0
votes

I am trying to utilize sqldf for my large dataset. (Original data files are scattered across 1000~ separate csv files, so I've created a master csv file that contains all those information and plan to use sqldf to fetch the data as needed)

Upon trying some simple codes, none of my sql queries was returning a valid result -- all queries will return 0 observations!
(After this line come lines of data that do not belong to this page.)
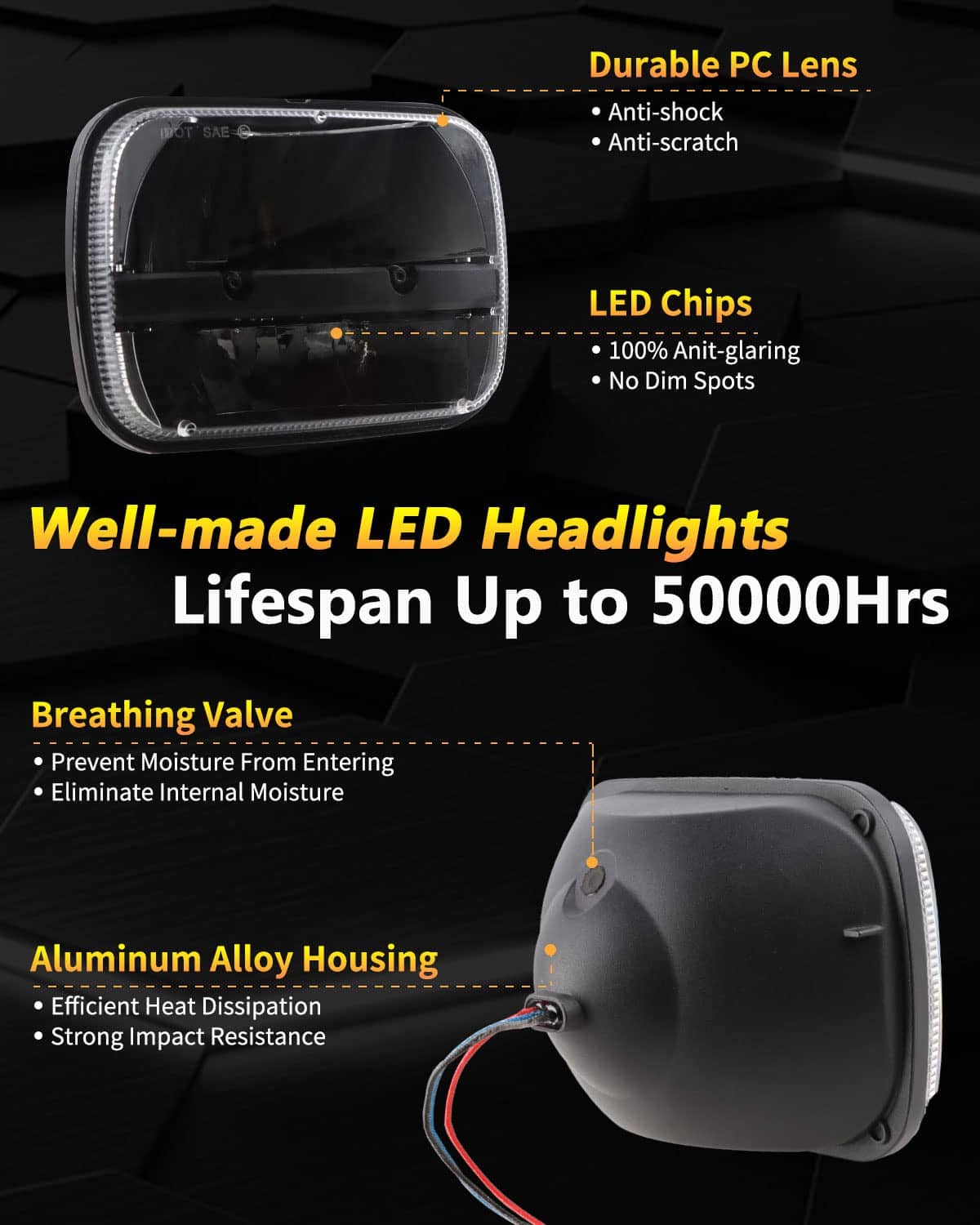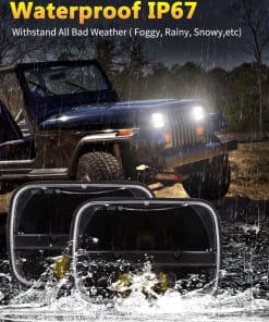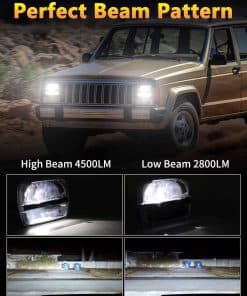 Aplicaciones: Modelos de Jeep con faros stock 5″x7″ (7″x6″) Jeep Wrangler YJ (1987-1995), Jeep Wrangler Cherokee XJ (1984-2001), Jeep Wrangler MJ Comanche (1986-1992).
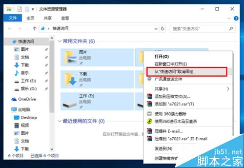 4、把文件资源管理器窗口中的常用文件和最近使用文件全部从“快速访问”取消固定。
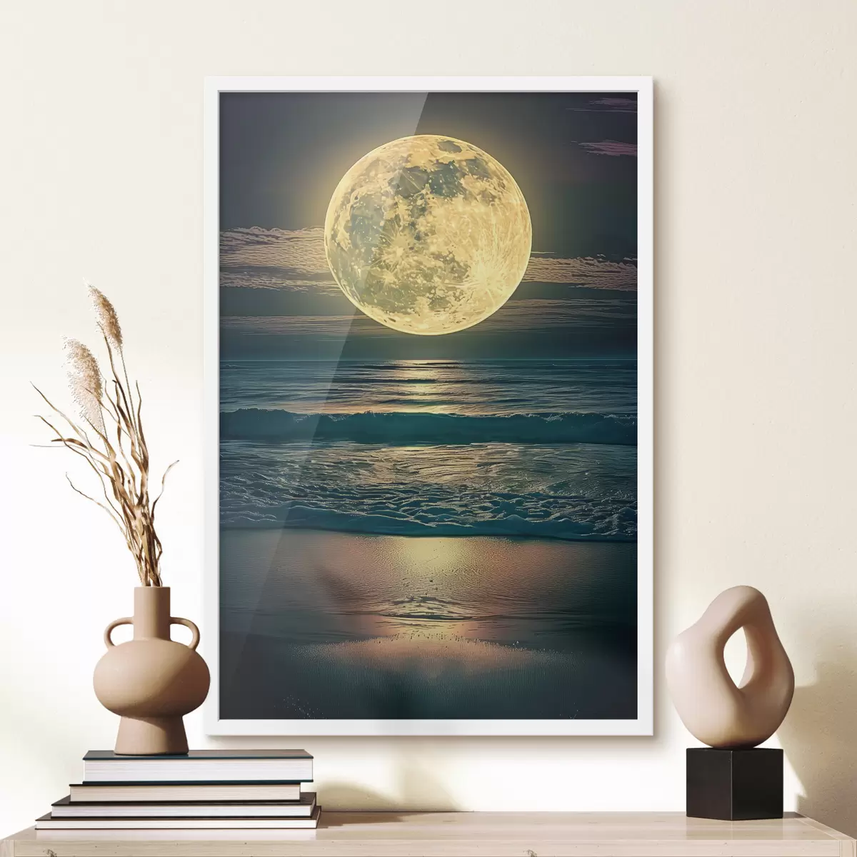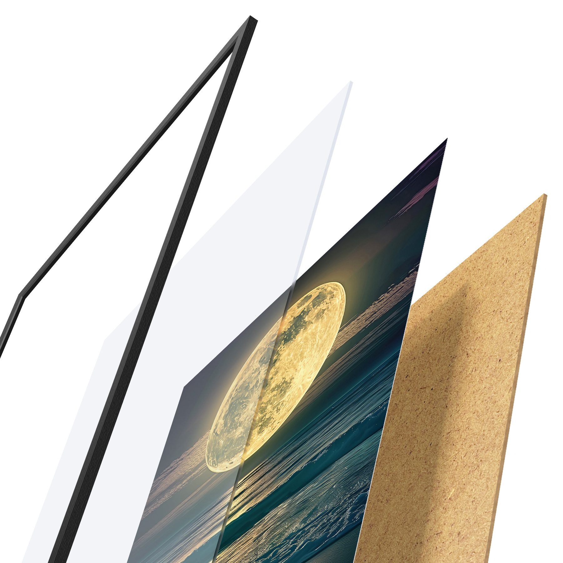 Das Poster besteht aus einem Rahmen, Plexiglas, einem gedruckten Bild und einer Rückwand aus Spanplatten. Dank der Halterungen auf der Rückseite kann das Poster sofort an die Wand gehängt werden.
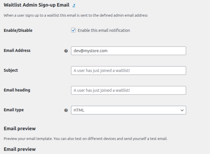 ↑ Back to topThe content of the email and the subject line are both editable via the WooCommerce email system. Waitlist for WooCommerce adds a new section to the ‘Emails’ tab of WooCommerce Settings where this can be managed. More information at: Configuring WooCommerce Settings > Emails.
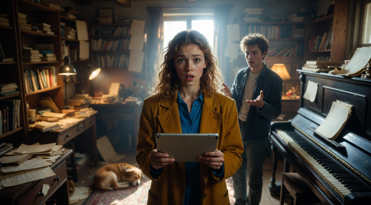 Перед уходом, уже надевая пальто, она в последний раз оглядела студию. Теперь она видела не просто беспорядок. Она видела следы процесса. Заляпанные чаем ноты — значит, работал долго и увлечённо. Протёртые клавиши — значит, играет много и с чувством. Пёс, спящий рядом — значит, здесь не просто работают, а живут.
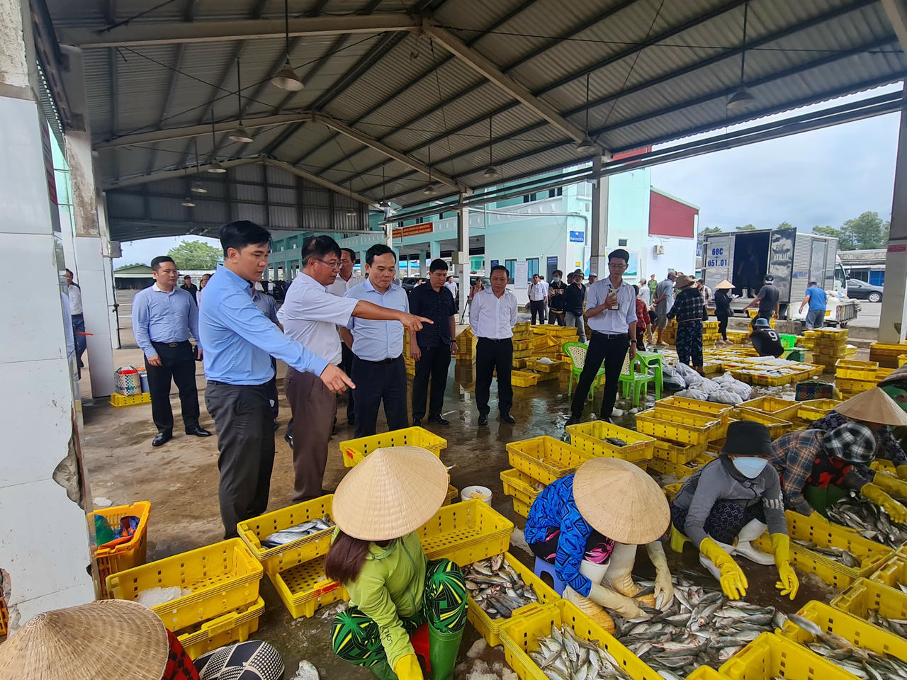 Phó Thủ tướng Trần Lưu Quang và đoàn công tác tại Cảng cá Tắc Cậu |

I tried to run the sample code provided in "read.csv.sql" documentation, which creates a csv file with iris dataset and runs a simple sql query to fetch the data from the created csv file. I've done it in two different versions:

write.csv(iris, "iris1.csv", quote = FALSE, row.names = FALSE)
iris1 <- read.csv.sql("iris1.csv", 
                      sql = "select * from file where Species = 'setosa' ")
dim(iris1)
write_csv(iris, "iris2.csv")
iris2 <- read.csv.sql("iris2.csv", 
                      sql = "select * from file where Species = 'setosa' ")
dim(iris2)

I get following:

> dim(iris1)
[1] 50  5
> dim(iris2)
[1] 0 5

The only difference I am finding is that "iris1.csv" was made with write.csv, while "iris2.csv" was made with write_csv. To me, they appear to be the exact same csv files. What underlying difference would be the cause for this unexpected result? I would just use write.csv, but my dataset is so large that I definitely need to use write_csv to create a master db.

1
I think the problem is CSV encoding format. According to write_csv manual, the output (iris2) should be encoded in UTF-8 (as in write.csvfor iris1) but I suspect it is CSV-Macintosh which is not the best option for read.csv.sql.Majid

1 Answers

3
votes

The question did not mention platform. I can't reproduce this on Linux but can reproduce the problem on Windows. The issue on Windows is line endings. write_csv writes \n as line endings but read.csv.sql defaults to the usual line endings on the platform on which it is running -- on Windows the usual line endings are \r\n. Both write.csv and read.csv.sql have an eol argument that allows one to specify the end of line character(s) but write_csv does not (see readr issue #857) so try specifying eol = "\n" in read.csv.sql like this:

write_csv(iris, "iris2.csv")

iris2a <- read.csv.sql("iris2.csv", 
  sql = "select * from file where Species = 'setosa' ", eol = "\n")

dim(iris2a)
## [1] 50  5